GST and AChE activities can be used as biomarkers of pollution with xenobiotics, especially organophosphorus and carbamate pesticides (Hayes and McLellan, 1999, Hobbiger, 1961). Booth et al. (1998) reported that two organophosphorus pesticides, chlorpyrifos and diazinon, affect GST and AChE activities in earthworm Apporectodea caliginosa. The pesticides induced opposite trends, with GST increasing and AChE decreasing (Booth et al., 1998). A similar trend was reported by Gungordu (2013) who studied different frog species exposed to pesticides. In our study, GST activity was significantly higher in the liver of P. kl. esculentus than in parental species. Lower AChE activity was reported in the liver of P. ridibundus and P. kl. esculentus when compared to P. lessonae. The results of examinations of GST and AChE activities suggest that P. kl. esculentus react to the presence of some organic xenobiotics. Fagotti et al. (2005) reported that the degree of organochlorine pesticide bioaccumulation was higher in the hybrid P. kl. esculentus than in the host species P. lessonae.

Non-denaturing electrophoresis detected CAT and SOD isoforms. Results of CAT activity revealed the presence of one isoform in all species. The band was more intense in P. kl. esculentus compared to parental species. These results are in agreement with the activities of CAT that were assessed spectrophotometrically. De Quiroga et al. (1985) also reported the presence of one CAT isoform in the liver of R. ridibunda. SOD isoforms S1 and S3 detected in all three species exhibited similar patterns, whereas isoform S2 displayed considerable variation.

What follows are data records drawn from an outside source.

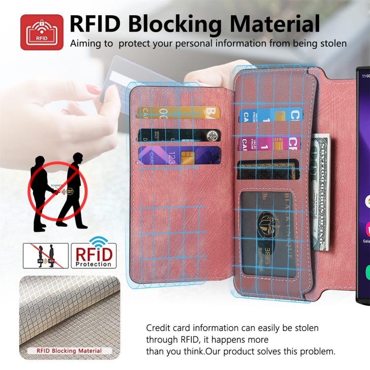 Funda Neo MagSafe RFID antirrobo con cremallera para Samsung Galaxy S24 Ultra 5G, estilo retro, de cuero (rosa)
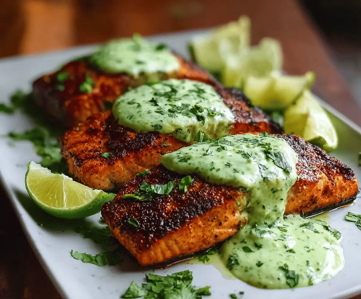 Enjoy this tasty and spicy salmon dish with the cooling avocado lime sauce—it’s perfect for a refreshing, vibrant meal!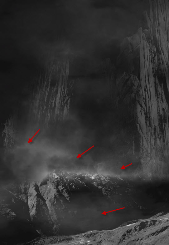Apply the following image adjustment layers as clipping masks to the rock layer: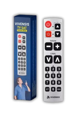 Controle remoto desenvolvido para facilidade de uso, ideal para idosos, com botões grandes e operação simplificada.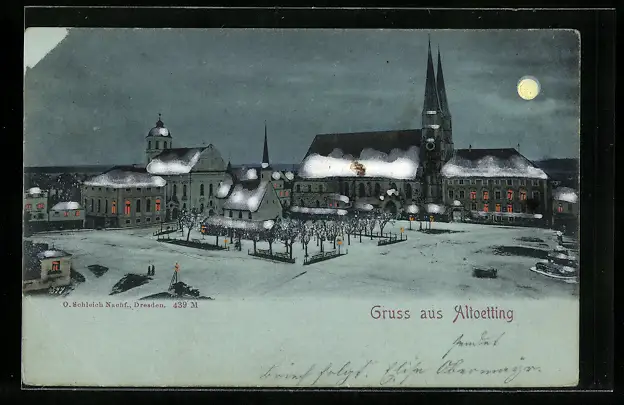 Mondschein-AK Altoetting, Ortspartie mit Kirche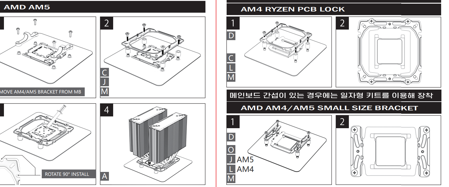 С кулером идет инструкция, в которой есть слова? А то в скачанной мной https://ultimake.co.kr/index.php?module ... 25435308f6 одни картинки. И на их основании я не могу сделать выводы аналогичные Вам. Одно только недоумение от того, что ам4 противопоставляется ам5 в части высоты втулок.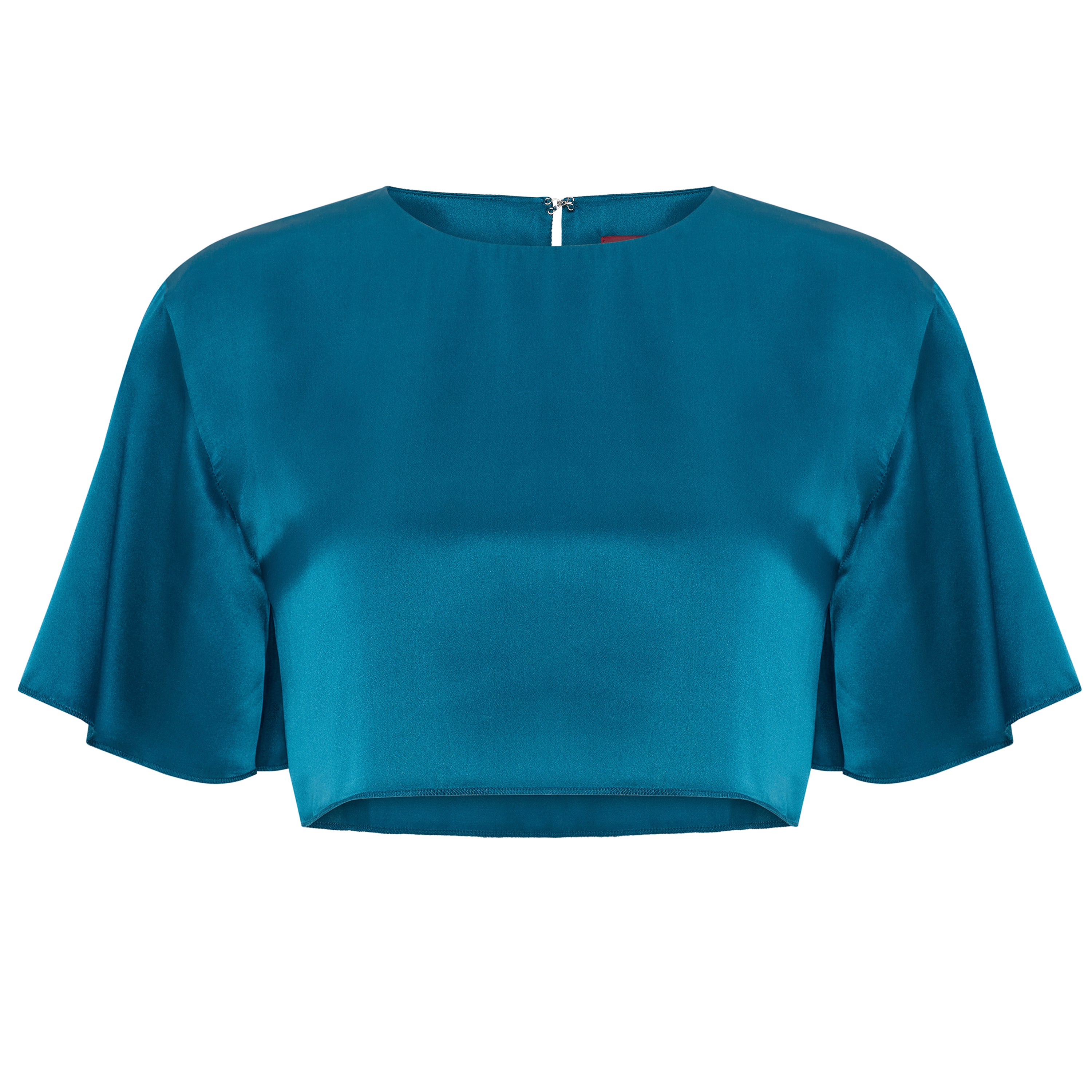 Pure Silk Oversized Silk Crop Top - Moroccan Blue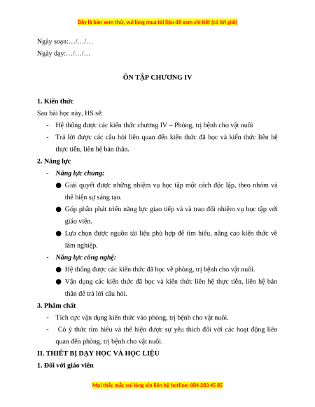 Giáo án Công nghệ chăn nuôi 11 Kết nối tri thức: Ôn tập chương IV

Canonical discriminant analysis revealed that liver CAT, GR, GST and GSH-Px activities significantly contributed to differentiation between hybrid P. kl. esculentus and parental species P. ridibundus and P. lessonae. CAT, GR and GST activities were significantly higher in P. kl. esculentus, while GSH-Px was significantly lower when compared to the parental species. The main contributors to differentiation between parental species were SOD and AChE activities. SOD and AChE activities were significantly higher in P. lessonae.

Conclusion

The parental species, P. ridibundus and P. lessonae, display more similar antioxidative responses to environmental-induced oxidative stress than the hybrid P. kl. esculentus. Our results suggest that the preferred pathway of H2O2 detoxification in P. kl. esculentus utilizes CAT and GSH-Px in P. ridibundus and P. lessonae. The antioxidative strategy of P. kl. esculentus, suggests that the hybrid could be better equipped for fighting against environmental-induced oxidative stress, and the one of the reasons was it has broader environmental tolerance as compared to the parental type. The overall results supports hypothesis of heterozygote superiority. The obtained results point the way for comparative physiological studies of wildlife species. These findings are a potentially useful tool for understanding the physiology and long-term conservation of the P. esculentus complex frogs.

Ethical standards

All animal procedures complied with the European Directive (2010/63/EU) on the protection of animals used for experimental and other scientific purposes.

Conflict of interest

The contents of the manuscript have not been published previously, or been submitted elsewhere for consideration, nor are they in press. All of the authors have seen and approved the manuscript. There is no conflict of interest, including any financial, personal or other relationships with other people or organizations.